With her wheelchair damaged and the camp for the Bejing Para Olympics fast approaching, Hola says she cannot think of training. She wonders at the fate of other disabled people who have to face such problems. “At least I can raise my voice and be heard because I am known through the field of sports – what if a normal disabled person goes through this?” she asks.

TIMES NOW has sought a reaction from Jet Airways but the airlines said they were questioning the cabin crew to get details of the incident and have refused to come on record.

Passengers with disabilities are required to fill some forms before the flight to state their medical condition to the airlines. It is not yet clear whether Hola had put her disability ‘on record’ in this manner before boarding the flight, an airline official stated.

Continued apathy

Incidentally, a similar ordeal was reportedly borne by another high-profile passenger on Jet Airways late last year when the airlines found wheelchair-ridden Jindal family scion, Sminu Jindal, so unfit to fly that it asked her to either sign an indemnity bond or deplane.

The incident — which again highlights airlines’ apathetic attitude towards physically-challenged passengers — happened on December 25 when 34-year-old Sminu Jindal, who heads Jindal Saw, was travelling from Delhi to Bangkok on Christmas with her husband Indresh Batra on Jet’s business class.

Moreover in the return sector flight on January 1 Jindal alleged the airline did not provide any aisle chair. “My husband had to drag me to the seat on the flight. The issue is not about me being treated like this, but how airlines still refuse to provide basic assistance and dignity to physically-challenged passengers,” she said.

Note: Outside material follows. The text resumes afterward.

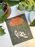 dimensions are 8in x 10in / 20cm x 25cm. printed on mid-weight watercolor paper. signed and numbered. edition of 10. space helmet not included.

On its part, Jet Airways had accepted its mistake and apologised to Jindal. Jet’s EVP (commercial) Sudheer Raghavan at the time even admitted “Jet Airways does not currently provide aisle chairs to special need passengers. We are examining the possibility of providing such services.”

Author: Peter Tan

Peter Gabriel Tan. Penangite residing in the Klang Valley. Blissfully married to Wuan. A LaSallian through and through. Slave to three cats. Wheelchair user since 1984. End-stage renal disease since 2017. Principal Facilitator at Peter Tan Training specialising in Disability Equality Training. Former columnist of Breaking Barriers with The Borneo Post. This blog chronicles my life, thoughts and opinions. Connect with me on Twitter and Facebook.

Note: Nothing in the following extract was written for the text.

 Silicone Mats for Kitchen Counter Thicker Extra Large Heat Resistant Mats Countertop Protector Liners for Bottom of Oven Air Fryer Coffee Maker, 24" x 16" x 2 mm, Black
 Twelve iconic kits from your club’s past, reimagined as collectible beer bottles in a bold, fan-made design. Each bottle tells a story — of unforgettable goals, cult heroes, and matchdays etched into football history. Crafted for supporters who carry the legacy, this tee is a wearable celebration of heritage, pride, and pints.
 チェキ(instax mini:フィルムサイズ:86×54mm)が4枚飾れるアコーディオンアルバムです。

3 thoughts on “More On Airlines Mistreating Disabled Passengers”

  1. It’s stories like this that makes me so disllusioned about the progress airlines have made in accommodating travelers with disabilities. I looked at the photo of her damaged wheelchair and there’s just no excuse for staff for that level of damage.

    Wheelchairs should have been tagged fragile and stored at the proper cargo compartment. In this case, the wheelchair was totally trashed which made me wonder how it was handled.

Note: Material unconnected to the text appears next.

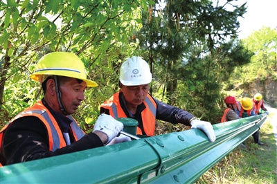 近日,在通城县马港镇潭高线易段路,施工队员在安装波形梁护栏。

  2. If they treat wheelchairs like they do to bags, then it’ll be a miracle if the wheels are still attached to the chair!
    It seems at times they hire guys in training for the shot putt event.I’ve seen bags hurled and thrashed ,no kidding-try throwing your bag from the container to six feet on the ground, and you have to give credit to the manufacturers that the bags are still in one piece!
    The fragile sticker merely advises the handlers that the item has to be hurled less than half the distance and you fill in a form that absolves the airline of any responsibility- no win situation!

    You are comical with the fragile sticker advising that items be thrown half the distance. Wheelchairs should never be treated like another piece of luggage. They are the only means of mobility for people who cannot walk. When will these airlines ever learn?